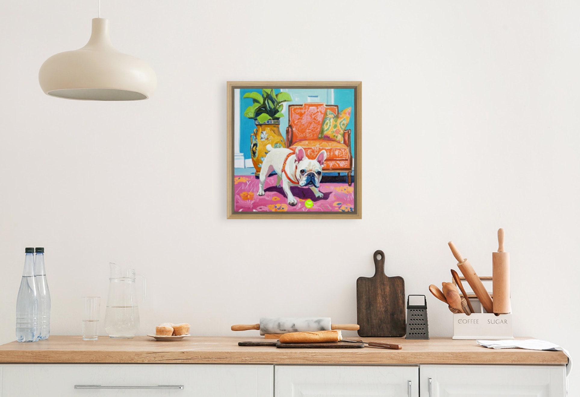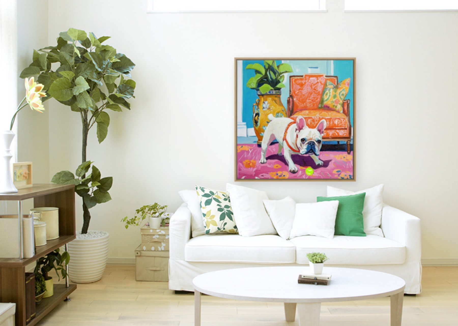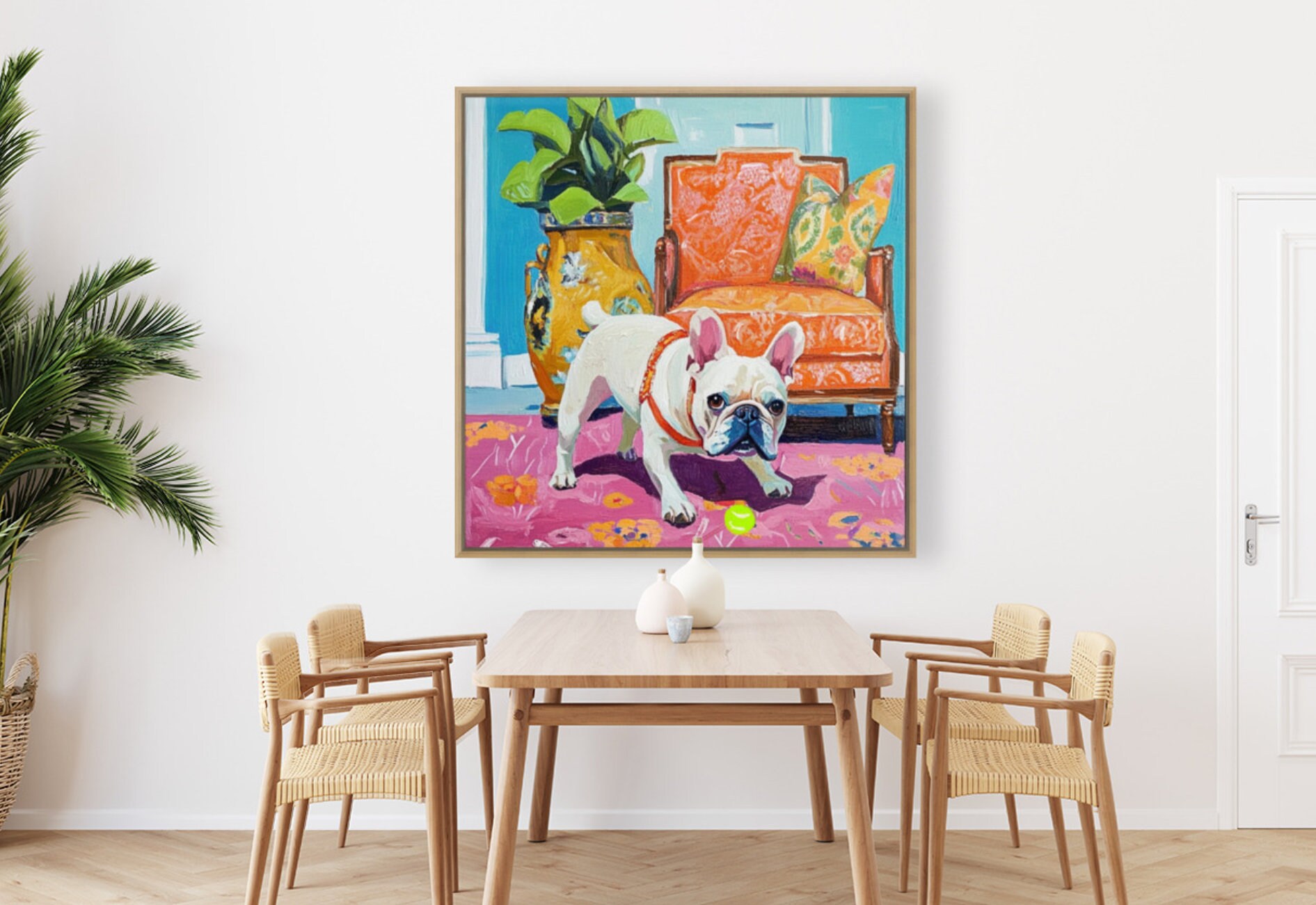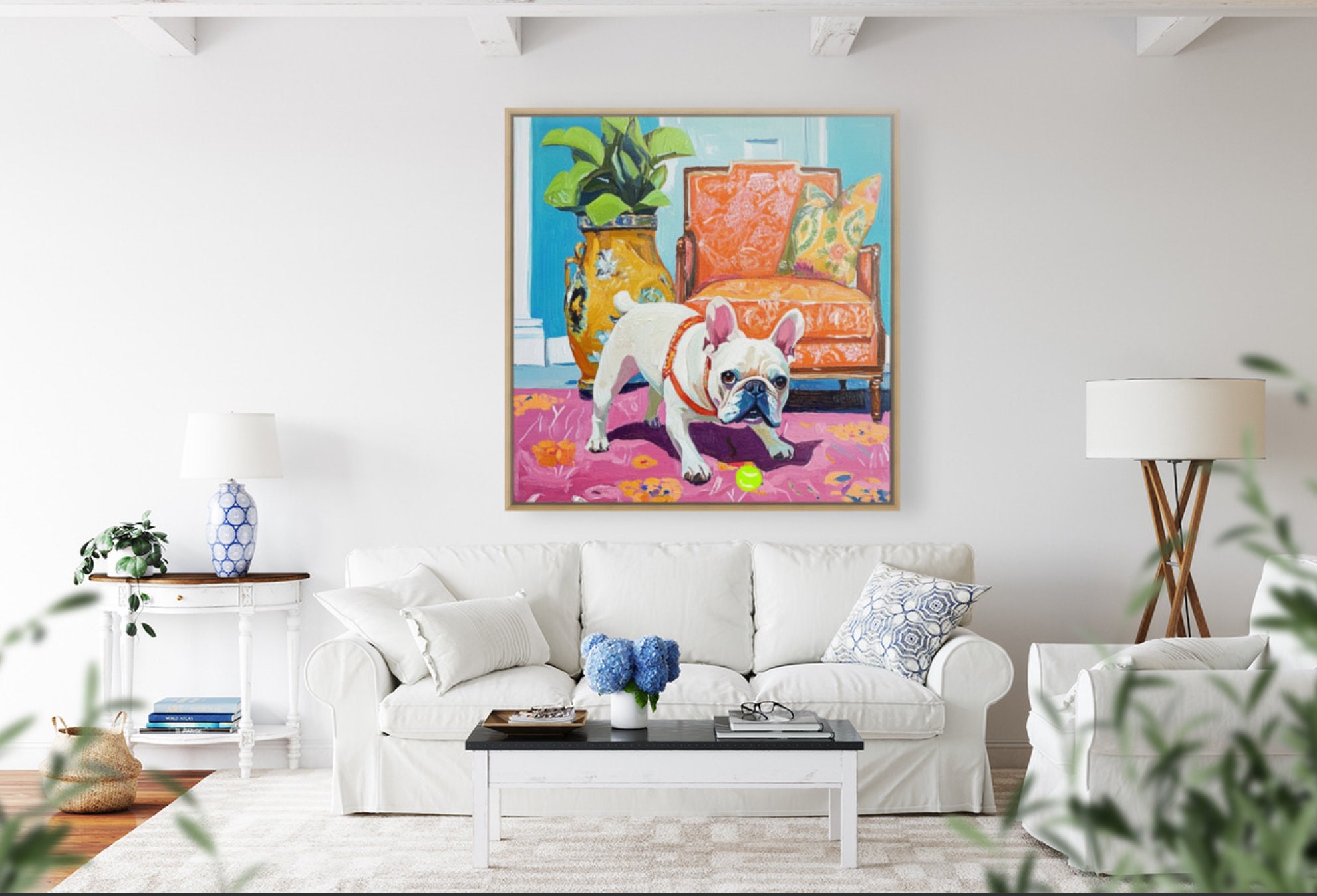 Grandmillennial art, Frenchie and the Orange Chair, whimsical fine art
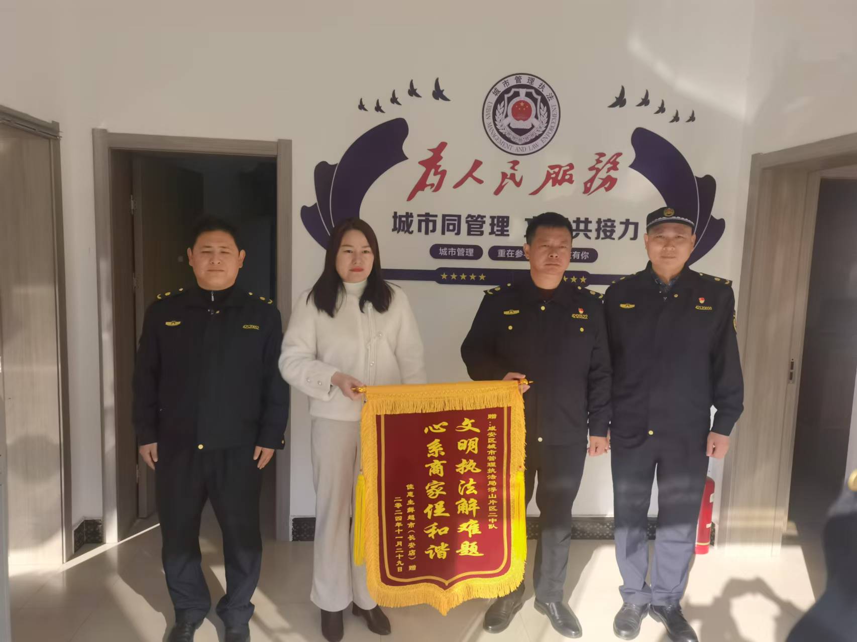 湖北日报客户端讯(通讯员陈波、王清加)“感谢咸安区城管执法局为群众办实事,让周边居民拥有一个良好的生活环境。”12月2日上午,佳惠生鲜超市负责人将一面写有“文明执法解难题 心系商家促和谐”的锦旗送至咸安区城管执法局浮山片区,表达对该局文明执法、为民服务的感激之情。
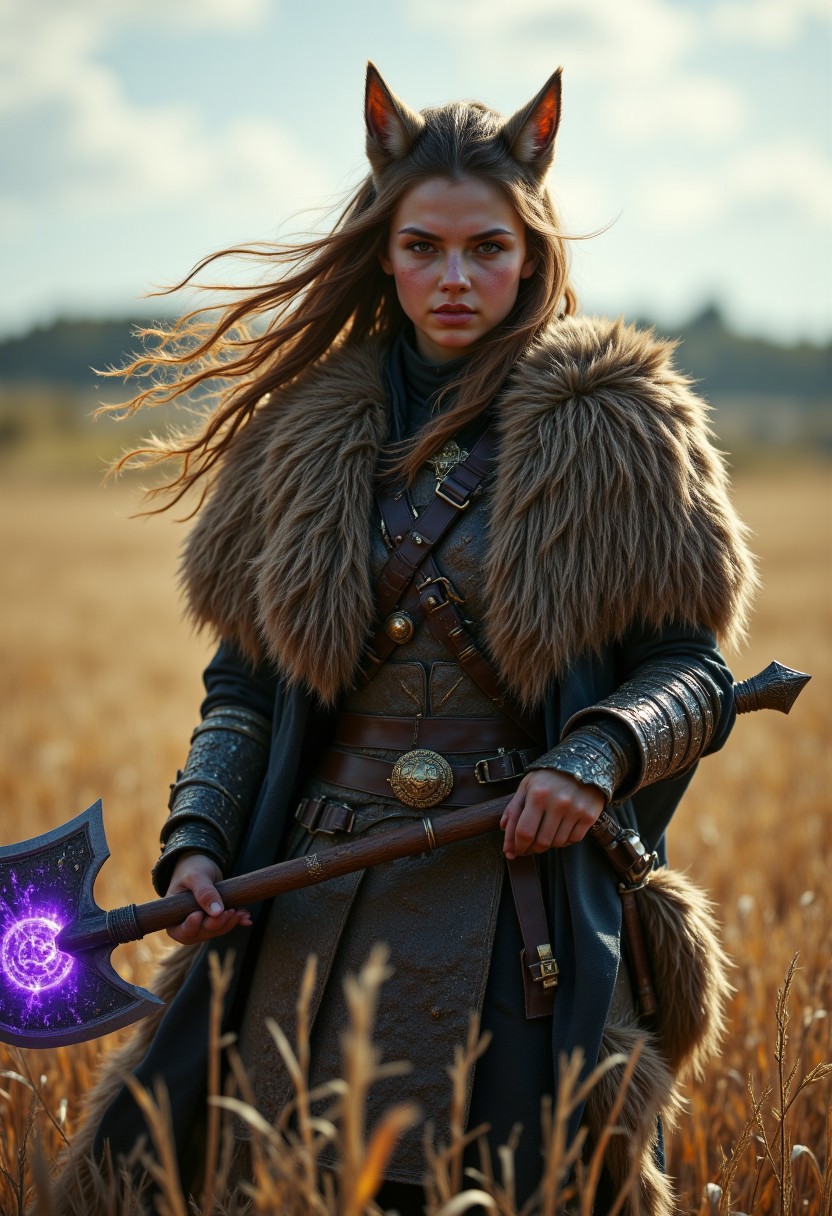 R3alisticF, viking girl wearing a wolf pelt with shoulder armor, she's holding a axe glowing with purple energy, her long hair is flowing in the wind, she stands in a field training for her next battle. (maximum ultra high definition image quality and rendering:3), maximum image detail, maximum realistic render, (((ultra realist style))), realist side lighting, , 8K high definition, realist soft lighting, <lora:FluxMythR3alisticF:1>
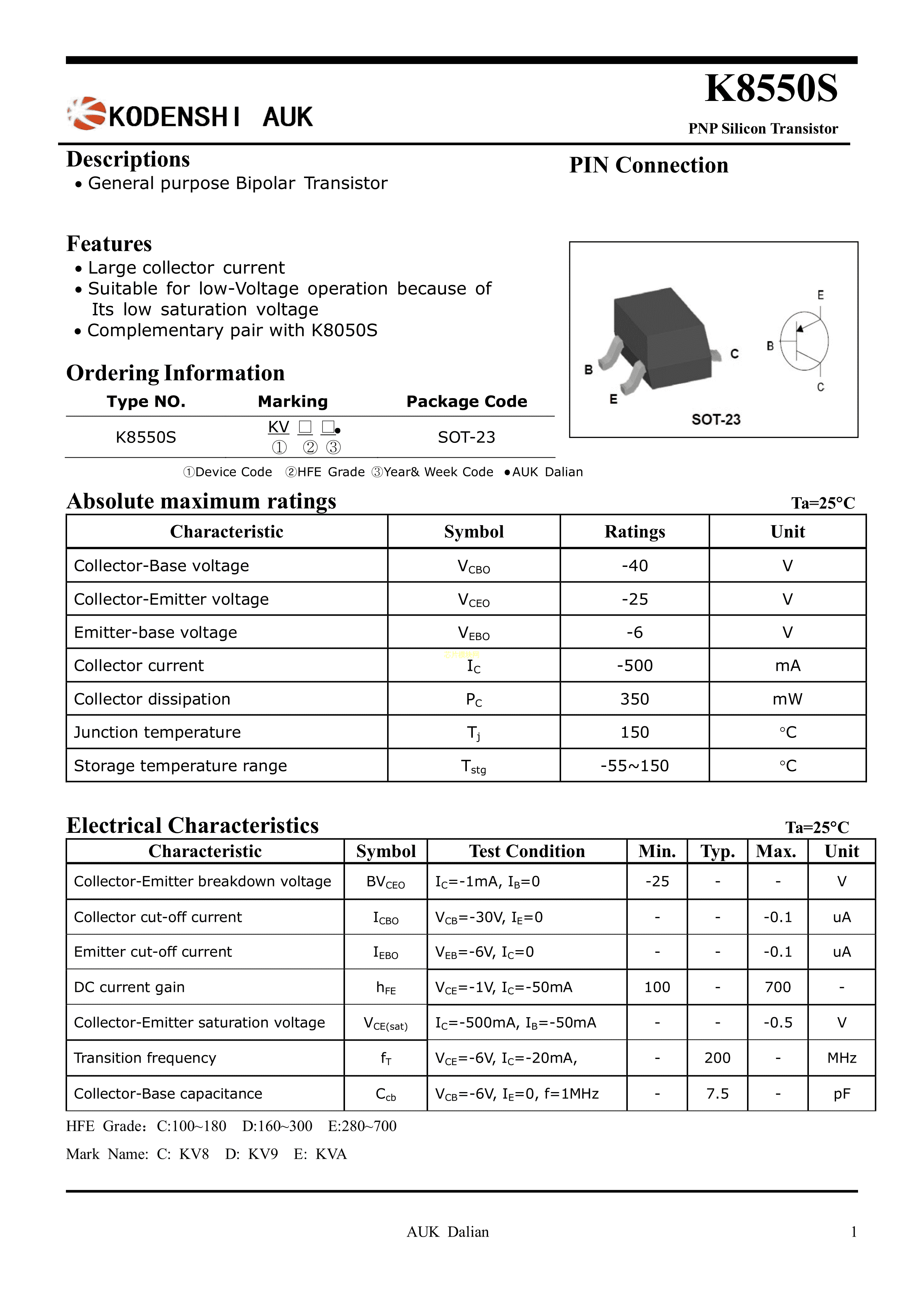 K8550SCD数据手册SOT-23封装KODENSHIAUK(光电子)PDF规格书,中英文下载

■ WHAT IS REQUIRED: Retype the listing exactly. Leave the pictures out.

■ WRITTEN RESPONSE:
 Grandmillennial art, Frenchie and the Orange Chair, whimsical fine art
 湖北日报客户端讯(通讯员陈波、王清加)“感谢咸安区城管执法局为群众办实事,让周边居民拥有一个良好的生活环境。”12月2日上午,佳惠生鲜超市负责人将一面写有“文明执法解难题 心系商家促和谐”的锦旗送至咸安区城管执法局浮山片区,表达对该局文明执法、为民服务的感激之情。
 R3alisticF, viking girl wearing a wolf pelt with shoulder armor, she's holding a axe glowing with purple energy, her long hair is flowing in the wind, she stands in a field training for her next battle. (maximum ultra high definition image quality and rendering:3), maximum image detail, maximum realistic render, (((ultra realist style))), realist side lighting, , 8K high definition, realist soft lighting, <lora:FluxMythR3alisticF:1>
 K8550SCD数据手册SOT-23封装KODENSHIAUK(光电子)PDF规格书,中英文下载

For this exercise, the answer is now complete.